◆ EXERCISE PROMPT
Only the lines below from the one containing "captivating swirl of" through the one containing "2月份以来,该所栽培与生理研" belong in the answer, set down exactly, with the pictures left out.

◆ DATA RECORDS
────────────────
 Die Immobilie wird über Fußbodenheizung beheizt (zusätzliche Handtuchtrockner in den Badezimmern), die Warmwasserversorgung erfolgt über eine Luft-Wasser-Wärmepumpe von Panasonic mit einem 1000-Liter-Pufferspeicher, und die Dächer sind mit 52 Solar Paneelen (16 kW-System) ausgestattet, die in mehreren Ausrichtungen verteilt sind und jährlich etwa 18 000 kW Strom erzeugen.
────────────────
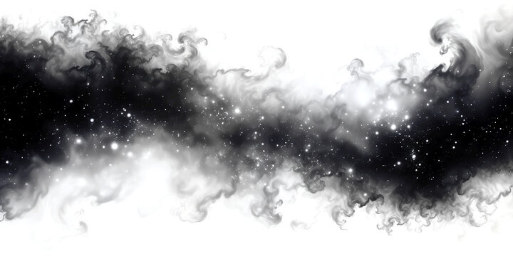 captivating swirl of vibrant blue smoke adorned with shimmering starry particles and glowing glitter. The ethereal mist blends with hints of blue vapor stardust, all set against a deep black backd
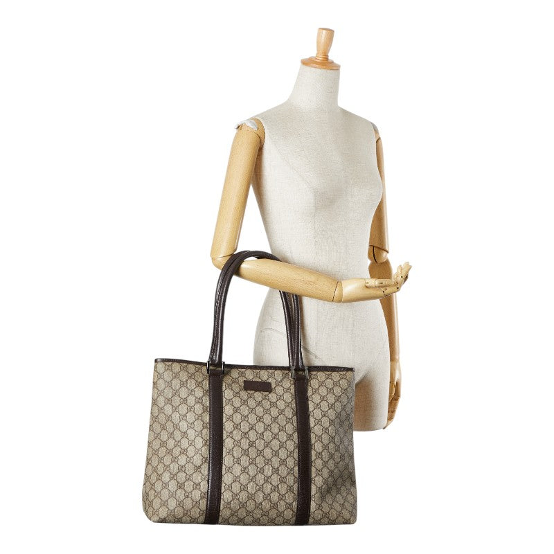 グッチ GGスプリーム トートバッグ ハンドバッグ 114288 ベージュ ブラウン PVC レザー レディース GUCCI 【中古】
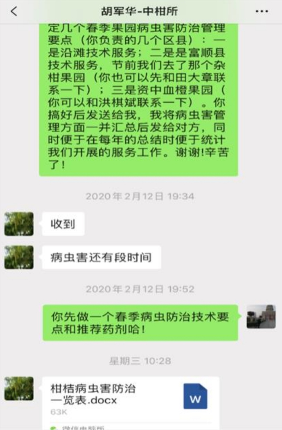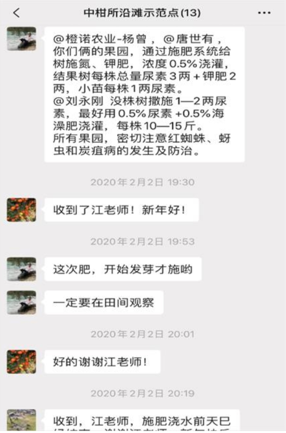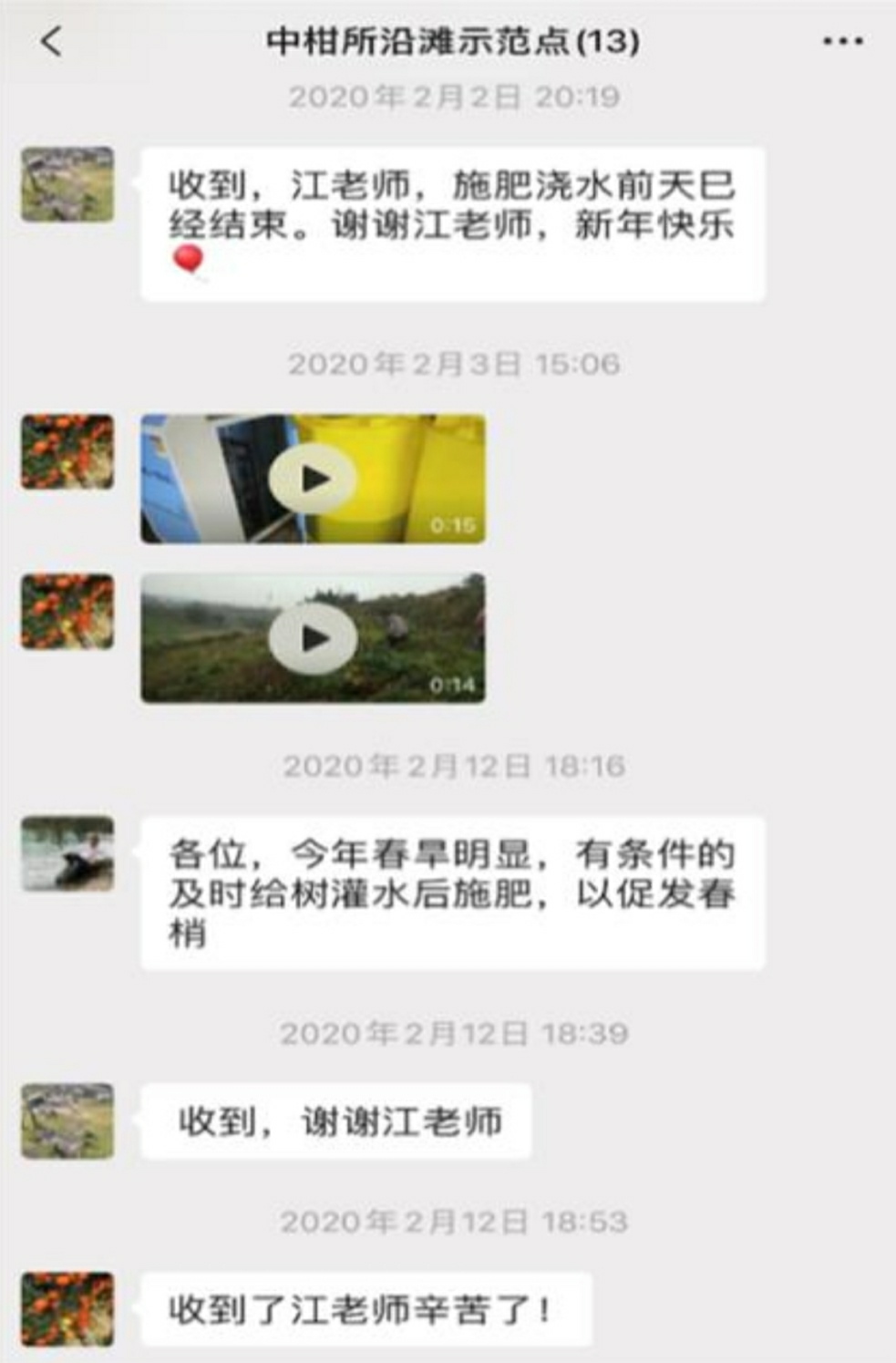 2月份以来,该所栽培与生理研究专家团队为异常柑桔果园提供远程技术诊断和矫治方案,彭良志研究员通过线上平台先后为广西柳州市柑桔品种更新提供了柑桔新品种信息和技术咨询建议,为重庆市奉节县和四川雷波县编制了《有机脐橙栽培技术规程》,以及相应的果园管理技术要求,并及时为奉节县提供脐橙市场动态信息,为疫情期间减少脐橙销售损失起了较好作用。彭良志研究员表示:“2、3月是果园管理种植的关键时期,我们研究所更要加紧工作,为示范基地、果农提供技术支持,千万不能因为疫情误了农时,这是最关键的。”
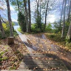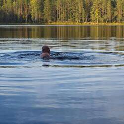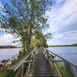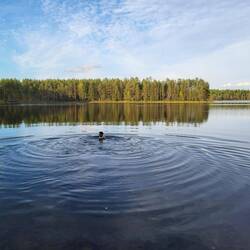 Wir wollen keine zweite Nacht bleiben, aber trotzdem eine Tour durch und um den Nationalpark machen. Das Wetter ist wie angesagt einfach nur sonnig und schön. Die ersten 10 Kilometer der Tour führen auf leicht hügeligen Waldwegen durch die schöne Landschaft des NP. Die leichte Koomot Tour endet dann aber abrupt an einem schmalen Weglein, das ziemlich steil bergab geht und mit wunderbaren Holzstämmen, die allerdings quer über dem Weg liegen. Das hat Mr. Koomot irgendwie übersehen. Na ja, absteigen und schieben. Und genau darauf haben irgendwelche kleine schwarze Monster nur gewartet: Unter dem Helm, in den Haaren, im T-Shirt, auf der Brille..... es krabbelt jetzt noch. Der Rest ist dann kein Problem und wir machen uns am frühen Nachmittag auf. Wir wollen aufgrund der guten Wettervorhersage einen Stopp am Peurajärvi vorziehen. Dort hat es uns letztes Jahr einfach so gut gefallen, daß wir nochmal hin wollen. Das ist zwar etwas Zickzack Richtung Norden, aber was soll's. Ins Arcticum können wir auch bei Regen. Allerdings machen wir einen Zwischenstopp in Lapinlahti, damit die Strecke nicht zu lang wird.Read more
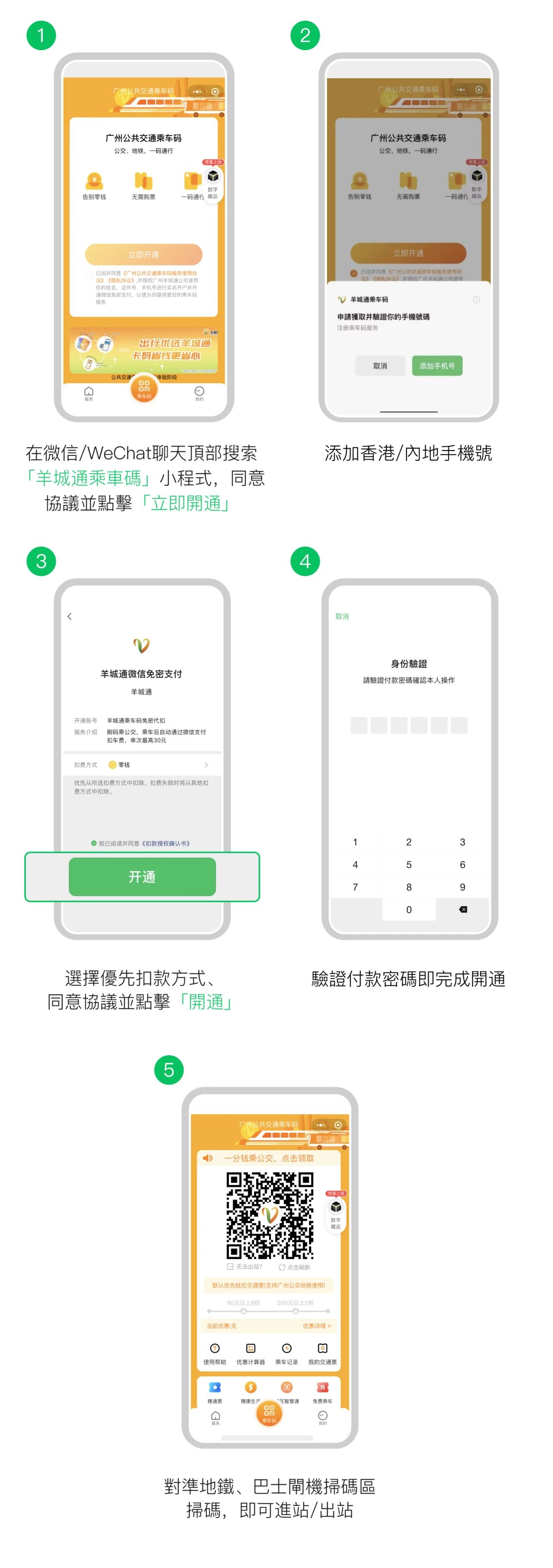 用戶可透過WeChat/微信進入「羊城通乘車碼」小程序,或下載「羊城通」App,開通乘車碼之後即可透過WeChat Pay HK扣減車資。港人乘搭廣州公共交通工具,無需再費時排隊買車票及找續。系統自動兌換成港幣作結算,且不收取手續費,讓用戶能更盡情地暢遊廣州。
────────────────
◆ EXPECTED ANSWER
 captivating swirl of vibrant blue smoke adorned with shimmering starry particles and glowing glitter. The ethereal mist blends with hints of blue vapor stardust, all set against a deep black backd
 グッチ GGスプリーム トートバッグ ハンドバッグ 114288 ベージュ ブラウン PVC レザー レディース GUCCI 【中古】
 2月份以来,该所栽培与生理研究专家团队为异常柑桔果园提供远程技术诊断和矫治方案,彭良志研究员通过线上平台先后为广西柳州市柑桔品种更新提供了柑桔新品种信息和技术咨询建议,为重庆市奉节县和四川雷波县编制了《有机脐橙栽培技术规程》,以及相应的果园管理技术要求,并及时为奉节县提供脐橙市场动态信息,为疫情期间减少脐橙销售损失起了较好作用。彭良志研究员表示:“2、3月是果园管理种植的关键时期,我们研究所更要加紧工作,为示范基地、果农提供技术支持,千万不能因为疫情误了农时,这是最关键的。”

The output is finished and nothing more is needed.